Update at 5:42 p.m. ET. Constitution Calls For New Election:
Christopher Sabatini, senior director for policy at the Council of the Americas, tells our Newscast unit Chávez's death could signal the "end of an era."
"Chávez marked the backlash in Latin America ... to a convergence toward Democracy and Democracy building, human rights as well as market reforms. Chávez really represents the collapse of, in some cases, old, tired party systems and democratic systems and the emergence of a new style of leadership," Sabatini said.
The big question now is what happens to Venezuela's revolution. The New York Times reports that Chávez leaves a country bitterly divided.
The constitution calls for new elections within 30 days of the president's death. The Times explains:
"The election is likely to pit Mr. Maduro, whom Mr. Chávez designated as his political successor, against Henrique Capriles Radonski, a young state governor who lost to Mr. Chávez in a presidential election in October.
"But there has been heated debate in recent months over clashing interpretations of the constitution, in light of Mr. Chávez's illness, and it is impossible to predict how the post-Chávez transition will proceed. Mr. Chávez was given a diagnosis of cancer in June 2011, but throughout his treatment he kept many details about his illness secret, refusing to say what kind of cancer he had or where in his body it occurred.

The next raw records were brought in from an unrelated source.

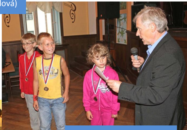
Letní sportovní slavnosti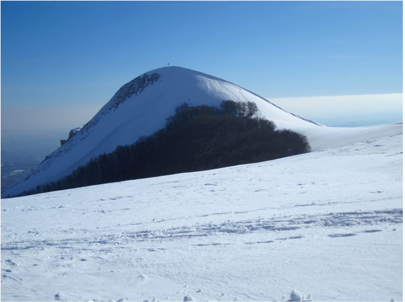
1- Il Pizzo di Mèta con la croce di vetta.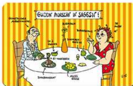
Guddn Morschn in Saggsn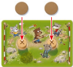
Placa de base

(con el cuervo arquitecto hacia arriba). Las 22 tiras de madera restantes se ponen al lado como reserva de manera que estén a mano.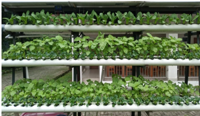
Gambar 4. Sistem hidroponik NFT tenaga surya

Sementara itu bak nutrisi kapasitas 200 liter digunakan dengan tujuan untuk menjaga kestabilan fluktuasi suhu, konsentrasi nutrisi dan pH terutama jika sistem hidroponik ditempatkan di luar ruangan ( outdoor )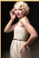
デニーズ・ベック(ソプラノ)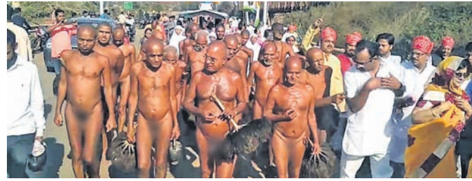
ପଦଯାତ୍ରାରେ ଯାଉଛନ୍ତି ଜୈନ ମୁନିଗଣ।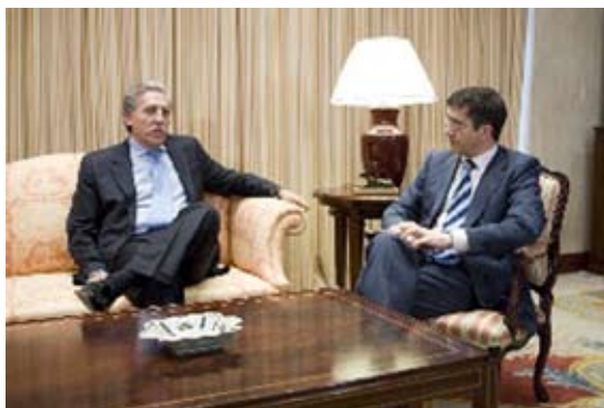
El Lehendakari saluda al Secretario de Estado de Asuntos Europeos (JB)

El Lehendakari mostró la voluntad de Euskadi de acoger importantes encuentros y eventos y confirmó la celebración de una Conferencia de Ciencia y Pobreza en San Sebastián en el mes de abril del 2010 y la Conferencia de Expertos de los 27 estados miembros para el lanzamiento de las Comunidades del Conocimiento y la Innovación en Bilbao .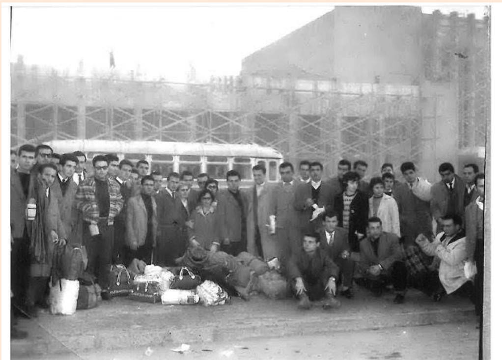
16-12-1960 ΣΙΔ. ΣΤΑΘΜΟΣ ΘΕΣΣΑΛΟΝΙΚΗΣ. Σημείο συγκέντρωσης των Σπουδαστών για το ξεκίνημα της πορείας του αιώνα!!!

Η μεγαλύτερη πορεία, που έγινε ποτέ στην Ελλάδα, ήταν η πολυήμερη πορεία των 70 Σπουδαστών της Σχολής Υπομηχανικών Θεσσαλονίκης. Οι Σπουδαστές ξεκίνησαν, στις 16/12/1960 χωρίς τη χρησιμοποίηση ουδενός συγκοινωνιακού μέσου, από τη Θεσσαλονίκη μέχρι την Αθήνα, πεζή από την αρχή μέχρι το τέλος της διαδρομής. Η πορεία πραγματοποιήθηκε σε ένδειξη διαμαρτυρίας για τη μη κατάταξη των Σχολών στην ανωτέρα βαθμίδα.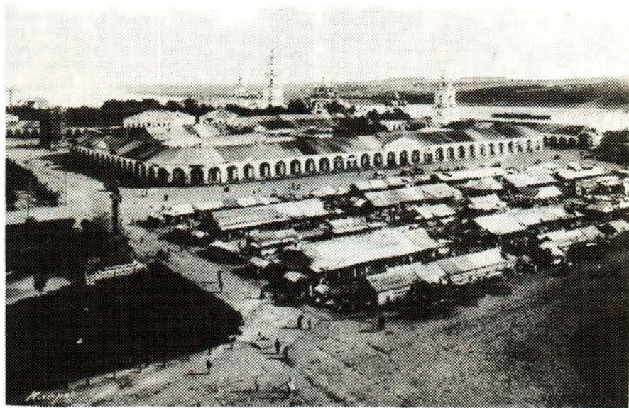
12. «Девятая ярмарка» 1908 г.

Ярмарка была праздником для всех — сюда спешили, чтобы выгодно продать и купить товар, заботливые хозяйки запасались на ярмарках всем необходимым, тем, чего нельзя было достать в обыкновенные дни. Здесь встречались давно не видевшие друг друга знакомые. В город съезжались не только торговцы и крестьяне, но и большая часть по-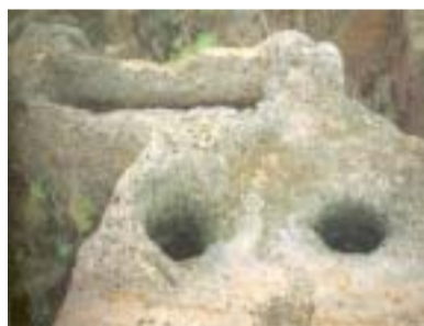
Contenitori in tufo "Ziri"

da comprendere, grazie all'analisi di alcuni contesti rappresentativi, il processo evolutivo dei tipi tombali, riflesso dei cambiamenti avvenuti al-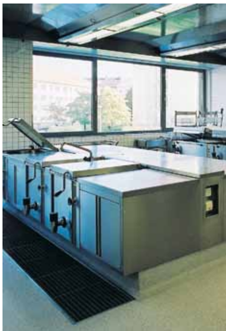
Großküche der Mensa der Universität Chemnitz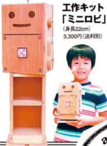
工作キット「ミニロビ」(身長22cm) 3,300円(送料別)

工作って年齢に関係なく夢中になれる。今回はそんな時間を生み贈り物、子どもたちの笑顔を作ろうとスタートして20年「えて静岡基地」の「ミニロビ」。樹齢約60年の静岡産杉材のパーツ・説明書・職人の磨き棒が1セット。木育ワークショップで活躍しているが、参加できない人々から要望があって販売開始。小学2年生以上なら1人で、小さな子でも大人と一緒に30分ほどで完成。お腹には小さな宝物を入れてもいいし、えて静岡基地の隊長からは「さみしくなったらお腹のタイルを触ってごらん。元気になるよ」とあの子に伝言です!

He had three operations from June 2011 to February 2012, as well as chemotherapy and radiation treatment, but the cancer kept coming back. The surgery and most other treatments were done in Cuba."
Update at 5:34 p.m. ET. Chávez's Legacy:
We've now posted a full obituary for Chávez. NPR's Juan Forero writes that Chávez was certainly a leader with an "outsized personality."
But what did his transition of Venezuela into socialism really accomplish for the country? Forero writes:
"Chavez, who ruled Venezuela from 1999 until his death Tuesday, was not able to turn the country's oil wealth into broad-based prosperity. At various times, the country experienced high inflation, food shortages and many other economic problems.
"On the international stage, the countries that followed Venezuela's lead were some of Latin America's poorest and least influential. Chavez maintained fervent supporters throughout his rule. But in the end Venezuela was, in some ways, worse off than when Chavez began."